= Beginning of Section =

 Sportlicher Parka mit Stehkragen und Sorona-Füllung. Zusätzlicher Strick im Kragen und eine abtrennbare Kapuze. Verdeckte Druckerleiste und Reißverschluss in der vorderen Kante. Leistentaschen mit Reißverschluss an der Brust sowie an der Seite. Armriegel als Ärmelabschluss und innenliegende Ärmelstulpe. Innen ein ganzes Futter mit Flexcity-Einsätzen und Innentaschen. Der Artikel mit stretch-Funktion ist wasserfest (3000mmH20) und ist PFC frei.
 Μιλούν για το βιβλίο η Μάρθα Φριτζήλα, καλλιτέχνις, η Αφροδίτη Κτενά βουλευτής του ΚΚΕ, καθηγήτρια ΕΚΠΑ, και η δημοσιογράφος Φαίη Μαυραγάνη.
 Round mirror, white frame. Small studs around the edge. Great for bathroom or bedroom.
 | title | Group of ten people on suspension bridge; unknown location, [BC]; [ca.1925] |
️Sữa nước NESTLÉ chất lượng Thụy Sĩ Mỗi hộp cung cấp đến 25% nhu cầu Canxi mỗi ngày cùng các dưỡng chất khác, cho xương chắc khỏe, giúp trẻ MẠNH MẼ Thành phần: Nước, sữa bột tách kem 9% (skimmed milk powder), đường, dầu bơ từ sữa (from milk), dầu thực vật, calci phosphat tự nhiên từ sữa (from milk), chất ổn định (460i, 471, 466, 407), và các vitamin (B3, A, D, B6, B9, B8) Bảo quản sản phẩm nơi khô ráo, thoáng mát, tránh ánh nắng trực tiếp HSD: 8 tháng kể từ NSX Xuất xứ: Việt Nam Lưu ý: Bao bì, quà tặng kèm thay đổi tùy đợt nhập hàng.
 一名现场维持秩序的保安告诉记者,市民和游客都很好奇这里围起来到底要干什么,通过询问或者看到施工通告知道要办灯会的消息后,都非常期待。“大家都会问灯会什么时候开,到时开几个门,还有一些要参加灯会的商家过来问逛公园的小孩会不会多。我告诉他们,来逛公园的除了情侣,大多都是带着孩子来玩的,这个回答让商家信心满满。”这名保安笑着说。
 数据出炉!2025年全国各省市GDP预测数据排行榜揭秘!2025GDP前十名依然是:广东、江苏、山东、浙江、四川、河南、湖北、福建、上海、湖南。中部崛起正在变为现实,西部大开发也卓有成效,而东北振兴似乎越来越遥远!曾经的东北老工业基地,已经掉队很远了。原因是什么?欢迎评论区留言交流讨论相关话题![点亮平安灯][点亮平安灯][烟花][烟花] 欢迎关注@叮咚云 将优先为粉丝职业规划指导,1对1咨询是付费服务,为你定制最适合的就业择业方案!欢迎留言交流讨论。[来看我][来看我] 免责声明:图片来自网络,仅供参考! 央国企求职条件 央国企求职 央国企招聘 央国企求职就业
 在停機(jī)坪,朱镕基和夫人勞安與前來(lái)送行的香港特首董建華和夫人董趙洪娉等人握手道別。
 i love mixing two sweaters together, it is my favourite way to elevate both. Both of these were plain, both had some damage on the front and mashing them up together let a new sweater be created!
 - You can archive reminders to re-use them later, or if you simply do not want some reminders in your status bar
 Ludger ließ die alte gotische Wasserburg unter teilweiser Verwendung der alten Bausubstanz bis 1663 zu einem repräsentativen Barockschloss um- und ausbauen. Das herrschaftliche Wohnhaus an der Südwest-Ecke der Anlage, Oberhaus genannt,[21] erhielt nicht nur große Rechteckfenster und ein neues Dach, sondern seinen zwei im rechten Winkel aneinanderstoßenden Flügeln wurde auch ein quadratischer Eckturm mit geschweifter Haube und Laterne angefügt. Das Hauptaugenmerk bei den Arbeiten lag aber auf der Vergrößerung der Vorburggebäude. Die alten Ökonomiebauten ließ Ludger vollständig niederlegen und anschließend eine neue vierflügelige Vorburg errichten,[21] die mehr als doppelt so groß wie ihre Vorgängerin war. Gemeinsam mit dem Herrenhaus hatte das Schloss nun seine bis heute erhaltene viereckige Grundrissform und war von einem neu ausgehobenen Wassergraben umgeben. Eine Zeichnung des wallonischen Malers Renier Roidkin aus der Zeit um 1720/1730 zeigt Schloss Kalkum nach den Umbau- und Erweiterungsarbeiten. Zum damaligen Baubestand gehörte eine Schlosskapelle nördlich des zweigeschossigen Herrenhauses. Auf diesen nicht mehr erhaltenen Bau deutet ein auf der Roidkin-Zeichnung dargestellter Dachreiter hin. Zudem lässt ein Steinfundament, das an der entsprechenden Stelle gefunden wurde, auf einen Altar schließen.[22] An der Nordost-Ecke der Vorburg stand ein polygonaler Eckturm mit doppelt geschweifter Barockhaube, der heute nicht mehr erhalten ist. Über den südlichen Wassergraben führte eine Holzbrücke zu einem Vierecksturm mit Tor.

= End of Section =

TASK REQUIREMENTS: Could you retype exactly the lines above, starting at the line that contains "Round mirror, white" and ending at the line that contains "[BC]; [ca.1925] |", and nothing more?

RESPONSE TO THE TASK:
 Round mirror, white frame. Small studs around the edge. Great for bathroom or bedroom.
 | title | Group of ten people on suspension bridge; unknown location, [BC]; [ca.1925] |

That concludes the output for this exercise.